Threat of legal action not terrorism behind calls for emergency data retention legislation

Open Rights Group (ORG) has responded to government calls for emergency legislation that would require ISPs and telecoms companies to keep records of our phone calls, texts and internet usage as ‘spin’.  The digital rights organisation believes that it is the threat of legal action from organisations like ORG, not the threat of terrorism, that are behind the calls for legislation.

Executive Director, Jim Killock, said:

“The government is tacitly admitting that our current data retention laws are illegal and that they are required to re-legislate. The European Court has ruled that data retention should be limited and blanket retention cannot be justified because it interferes with our right to privacy. However Theresa May actually wants to increase the amount of communications data that is kept about us.”

In April, the European Court of Justice (CJEU) struck down the Data Retention Directive because it breached our rights to privacy and protection of personal data. Since then, ORG has written to the government to ask them to stop trying to enforce EU data retention laws that are no longer valid. In addition, over 1,500 Open Rights Group supporters have contacted their ISPs asking them to stop retaining their data.

ORG is calling for any new legislation to include the guidance issued by the CJEU (below), in particular to recognise that blanket retention cannot be justified because it interferes with our right to privacy and should therefore be limited.
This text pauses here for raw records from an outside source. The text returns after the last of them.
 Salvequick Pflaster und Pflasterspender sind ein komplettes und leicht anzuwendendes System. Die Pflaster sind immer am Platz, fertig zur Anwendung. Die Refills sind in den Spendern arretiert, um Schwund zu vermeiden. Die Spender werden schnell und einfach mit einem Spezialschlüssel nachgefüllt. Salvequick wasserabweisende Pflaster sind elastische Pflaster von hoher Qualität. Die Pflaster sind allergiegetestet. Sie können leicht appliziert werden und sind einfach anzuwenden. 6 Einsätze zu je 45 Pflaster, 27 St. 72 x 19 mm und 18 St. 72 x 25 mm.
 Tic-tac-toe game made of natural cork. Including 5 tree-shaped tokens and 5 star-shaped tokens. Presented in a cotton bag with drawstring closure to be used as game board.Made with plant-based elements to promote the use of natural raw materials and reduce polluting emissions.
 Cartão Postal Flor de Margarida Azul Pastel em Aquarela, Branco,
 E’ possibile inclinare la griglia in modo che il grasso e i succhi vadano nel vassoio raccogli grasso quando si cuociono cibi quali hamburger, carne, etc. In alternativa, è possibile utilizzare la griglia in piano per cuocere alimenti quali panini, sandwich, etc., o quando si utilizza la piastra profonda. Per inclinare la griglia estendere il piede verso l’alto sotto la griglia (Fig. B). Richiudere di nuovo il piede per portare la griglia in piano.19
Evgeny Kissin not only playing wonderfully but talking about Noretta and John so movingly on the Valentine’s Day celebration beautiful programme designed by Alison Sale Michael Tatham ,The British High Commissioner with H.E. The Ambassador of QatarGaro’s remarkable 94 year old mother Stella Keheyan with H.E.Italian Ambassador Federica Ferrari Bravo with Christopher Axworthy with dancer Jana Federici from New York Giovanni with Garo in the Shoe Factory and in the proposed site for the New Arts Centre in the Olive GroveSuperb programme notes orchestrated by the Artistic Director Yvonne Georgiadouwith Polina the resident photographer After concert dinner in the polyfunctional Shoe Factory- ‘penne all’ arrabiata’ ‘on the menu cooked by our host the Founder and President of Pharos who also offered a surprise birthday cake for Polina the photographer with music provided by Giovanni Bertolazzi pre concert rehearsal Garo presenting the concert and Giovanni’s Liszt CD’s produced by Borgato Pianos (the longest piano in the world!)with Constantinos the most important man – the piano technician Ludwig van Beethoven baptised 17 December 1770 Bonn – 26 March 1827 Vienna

The CJEU ruling means there is likely no legal basis for the continuing retention of data by ISPs. Most experts believe that the Data Retention Regulations 2009, which oblige ISPs to keep these records, are now invalid.

The CJEU judgement defined the following limits to data retention under human rights law. They said that legislation must:

– provide exceptions for people whose communications must be confidential for legal reasons

– restrict retention to data that is related to a threat to public security and in particular restrict retention to a particular time period, geographical area and / or set of individuals likely to be involved in a serious crime or persons whose data would contribute to the prevention or prosecution of crime

– restrict access to defined, sufficiently serious crimes

– limit access to that which is strictly necessary

– empower an independent administrative or judicial body to make decisions about access to the data on the basis of need

– distinguish between the usefulness of different kinds of data and relate retention periods to that question

– keep retention periods as low as possible, i.e. to periods that are ‘strictly necessary’

– ensure the data is kept securely

– ensure destruction of the data when it is no longer needed

– ensure the data is kept within the EU.